Week 15 - my notes

• Take this state:

\[|q1q0\rangle = \frac{1}{\sqrt{2}}(|00\rangle + |01\rangle)\]

• The number inside the kets tell you the number of qubits
• The number of kets tell you the measurable outcomes for this state

• Remember the Quantum Circuit model? Composed by input states, gates (perform computation), and measurements (obtain the output).
• For a single qubit, measurements result in one of two possible answers. If we measure it using the Z basis, we can only get \(|0\rangle\) or \(|1\rangle\). If we measure it using the X basis, we can only get \(|+\rangle\) or \(|-\rangle\)
• After the measurement, we know the wavefunction colapse happens. Our superposition gets narrowed down to one single state.
• The probability of getting one state is defined by its contribution squared.
• We made normalizations to be able to get correct probabilities. All because of the Born rule. The squares of contribuitions need to add up to 1.
• We can still use the born rule for multi-qubit circuits

• Entanglement is a very defined relationship, where if you know the state of one object, you know the other’s state.
• \[|q1q0\rangle = \frac{1}{\sqrt{2}}(|00\rangle + |11\rangle)\]
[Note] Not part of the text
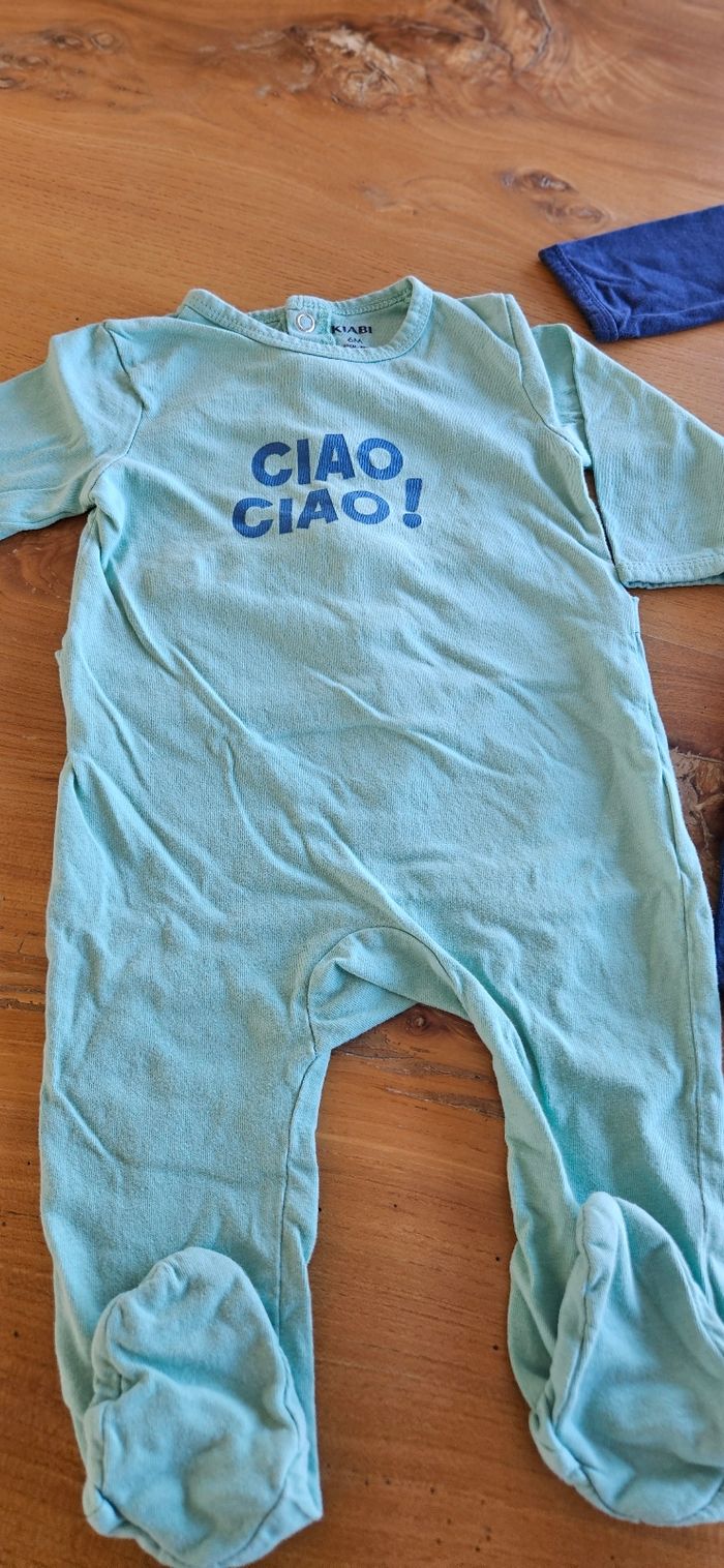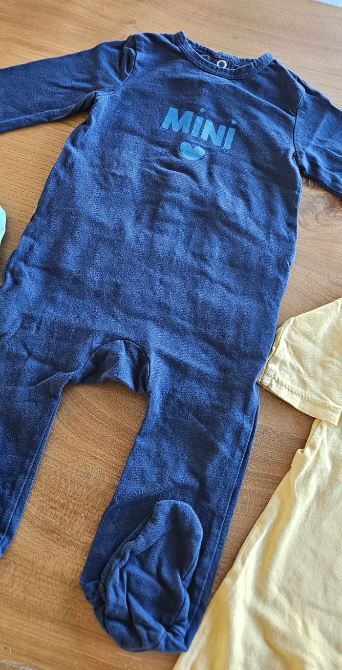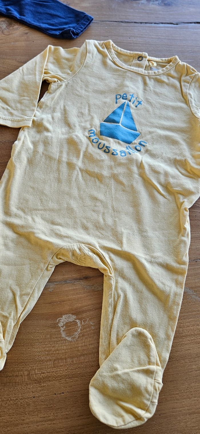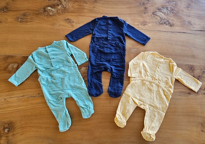 Lot de 3 pyjamas légers bébé garçon : • 1 bleu ciel (Kiabi) • 1 jaune (Orchestra) • 1 bleu marine (Kiabi) Ouverture pressionnée dans le dos. Porté peu de fois donc en parfait état. Aucune tâche, ni trou 👌

• Just because a circit has a CX gate, it doesn’t mean the qubits are automatically entangled.
• To create an entangled circuit, you should always have a superposition in the control qubit.
• Also, the H gate should always come before the CX gate

1. \[|\beta00\rangle = \frac{1}{\sqrt{2}}(|00\rangle + |11\rangle)\]
2. \[|\beta01\rangle = \frac{1}{\sqrt{2}}(|00\rangle - |11\rangle)\]
3. \[|\beta10\rangle = \frac{1}{\sqrt{2}}(|01\rangle + |10\rangle)\]
4. \[|\beta11\rangle = \frac{1}{\sqrt{2}}(|01\rangle - |10\rangle)\]
5. These states are special!
6. They differ in two ways: Parity, Phase